LA                 94-54   2   GB        Castillo costs 'em a game in the standings.

Yesterday
Giants defeated Atlanta, 6-5, a walk-off win in 11 innings.
LA lost at Cincinnati, 3-1.

Today
Giants host Atlanta; 6:05 PDT, 9:05 EDT at the O. Alex Wood returns from the IL and faces Charlie Morton, 13-5 on the year.
LA is at Cincinnati, an afternoon game with mighty Max Scherzer going against Sonny Gray.

Last Night's Game
The Giants were down to their last man off the bench in the bottom of the ninth as Donovan Solano, fresh off the IL, stood in at the plate and Curt Casali waited in the on-deck circle. The shock waves from the top of the ninth-- when Tyler Rogers gave up a three-run homer to Travis d'Arnaud that put the Braves ahead, 5-4-- had yet to subside, and Solano looked overmatched at the plate against former Giant Will Smith. Dave Fleming on KNBR tried to whip up a little hope: "He's got some power... he could run into one."  Seeing nothing but breaking balls, down to the Giants' last strike, Solano turned on a 2-2 pitch and yanked it down the left-field line-- and just over fence and into the seats. Tie game. The crowd went wild as Solano circled the bases with the Giants' 16th pinch-hit home run in this season like no other.

It shouldn't have come to that. Logan Webb set down another masterful start over 7 innings, allowing six hits and striking out nine. He gave up two runs in the first on RBI leader Adam Duvall's double, and after that it was crickets the rest of the way. Then Dominic Leone set 'em down in order in the eighth. It was 4-2 Giants, courtesy of home runs by LaMonte Wade (into the Bay) and the Brandons, Belt and Crawford, as Rogers came out to close. As you may have gathered by now, Rogers didn't have it. Every ball was hit hard: two line-drive singles and two line-drive outs before d'Arnaud turned the game around with his blast.

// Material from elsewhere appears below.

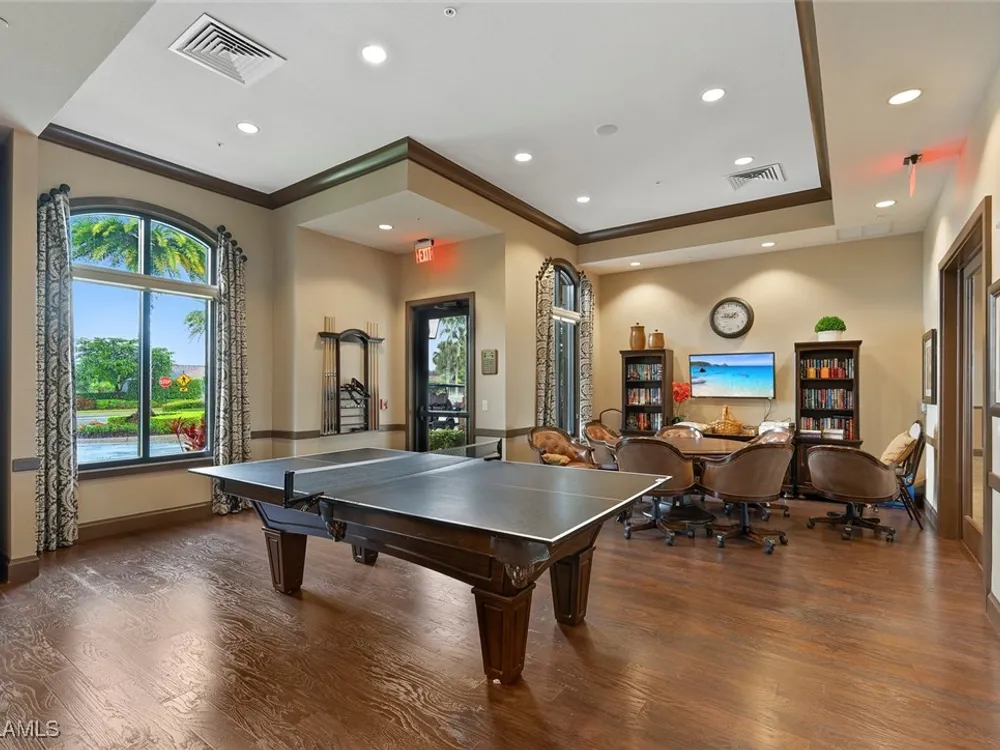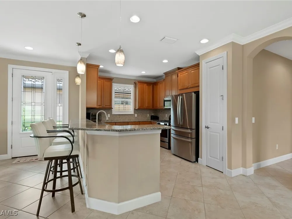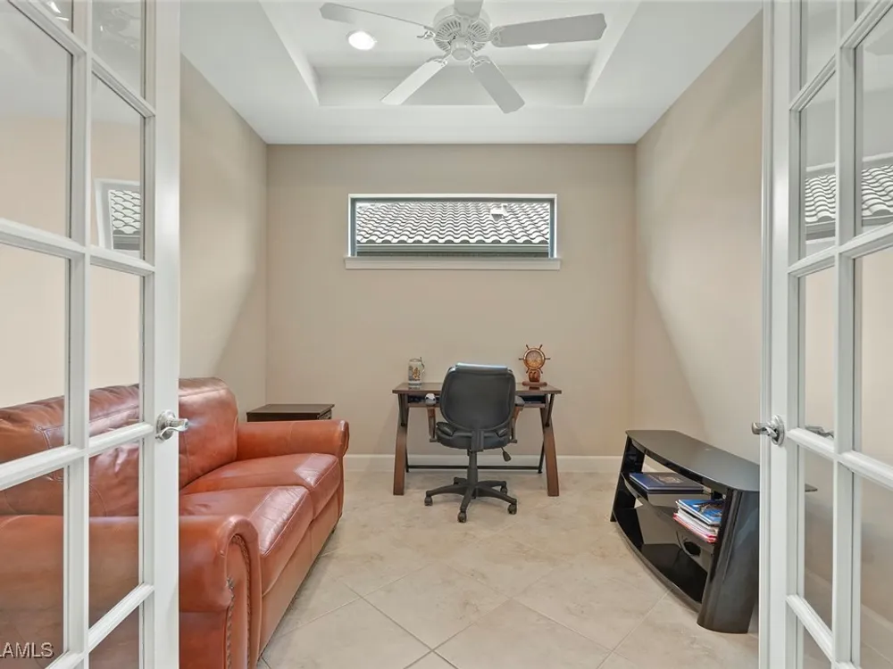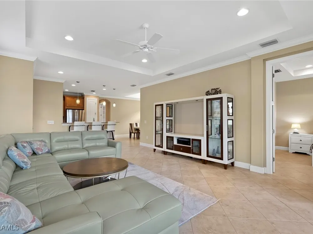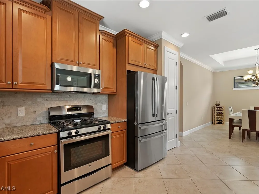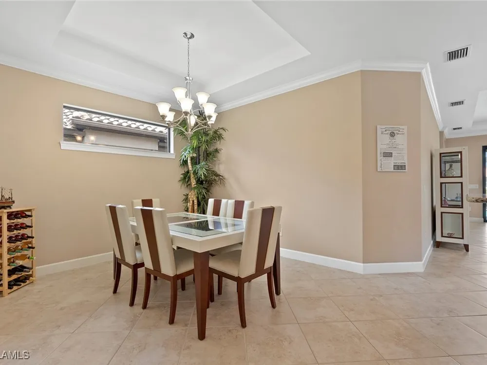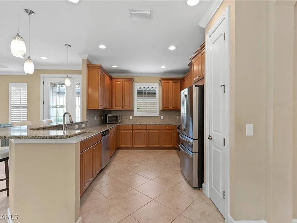 Welcome to your serene Naples retreat! This beautifully turn-key furnished 3-bedroom + den, 2-bath single-family home offers captivating lake and pool views the moment you step inside, setting the tone for relaxed, resort-style living. Enjoy indoor-outdoor living year-round with a spacious, covered lanai featuring a natural gas grill, perfect for cookouts and entertaining. The private pool and tranquil water views create your personal oasis in one of Naples’ most sought-after gated communities. Inside, you’ll love the elegant finishes including 10-foot ceilings, tray ceilings with recessed lighting, and custom crown molding throughout. IMPACT GLASS & DOORS! The gourmet kitchen is a chef’s dream with granite countertops, pantry, newer stainless-steel appliances, and a gas range. Host dinner parties in the adjacent formal dining room! The owner’s suite features tranquil lake views, a walk-in shower with a glass enclosure, double sinks on a granite vanity, and a huge walk-in closet! The split-bedroom layout provides privacy and includes two guest bedrooms with a large bath with double sinks on a granite vanity. The flexible den/home office with French doors provides quiet workspace or additional room for guests. The laundry room features granite countertops, and newer washer and dryer (2-year-old.) A/C and water heater are also 2 years old. Gas-powered pool heater, range, and outdoor grill. The spacious 2-car garage offers plenty of storage. The Esplanade at Hacienda Lakes offers resort-style amenities with a clubhouse hosting planned social events, a state-of-the-art fitness center, a heated resort-style pool and spa with cabanas, a fire pit, tennis and lighted pickleball courts, a playground and a dog park. Ideally located just minutes to Naples iconic 5th Avenue & Third Street with world-class restaurants, shopping and beaches. Or a short drive to the beautiful beaches of Marco Island and the fantastic island restaurants of Marco and Isles of Capri! The Esplanade is NOT in a flood zone!

And so it went to the tenth after Casali struck out following Solano's homer. Tony Watson, unfazed by Thursday's meltdown, got 'em 1-2-3 in the top, though the "3" required Steve Duggar to make a full-speed wall-slamming catch of Freddie Freeman's long drive. Advantage Giants, with the designated runner on second and the heart of the order up. But they managed to waste it, as reliever Tyler Matzek followed two intentional walks with two ground-ball outs. And that "last man off the bench" situation came to the forefront in the eleventh after Camilo Doval had stifled the Braves in the top of the frame.

Crawford started the inning on second, and immediately took third as pitcher Brandon Webb threw an attempted pickoff into center field. Atlanta's third intentional walk of the game put Evan Longoria at first. Steven Duggar flied out to left, not enough for Crawford but enough for Longo to take second. Sure enough, here came the fourth intentional walk, to Solano, bringing up the pitcher's spot with the Giants out of pinch-hitters. Not only that, but the one pitcher on the team we all know can hit had already been pulled-- Logan Webb. So here came Kevin Gausman. Why not? He bats left and Brandon Webb throws right. And he can take a pitch. He took five, working the count full. Knowing Webb had to come in or lose the game, Gausman made solid contact, sailing a fly ball to medium right. Joc Pederson gloved it, Crawford took off for the plate, and he just did beat Pederson's strong throw with a headfirst slide. Game over.

"That's the coolest thing I've ever done in my career," said Gausman afterward. 

"I'm jealous," said Webb to Gausman.

"Resilient," said Mike Krukow in the broadcast booth. 


Notes
Rogers was tabbed to close because Jake McGee just went on the IL with an oblique strain. It don't get any easier, do it?... Belt's homer was his 26th of the year and he has a shot at becoming the first Giant to hit 30 since Barry Bonds in 2004... Castillo, loser of fifteen games this year, really pitched well against LA: ten strikeouts over six-plus shutout innings, five hits and two walks. The Reds are right behind St Louis and just ahead of San Diego in the wild-card scramble... The loss cut Atlanta's lead to two over Philadelphia, who won their third straight. Both the Phillies and the New York Mets are closer to the division lead than to the wild-card... The AL wild-card tug-o-war between Boston, the Yankees, and Toronto has all three of 'em within one game. Oakland and Seattle look like spectators at this point... Duvall's first-inning double off Webb gives him a league-leading 103.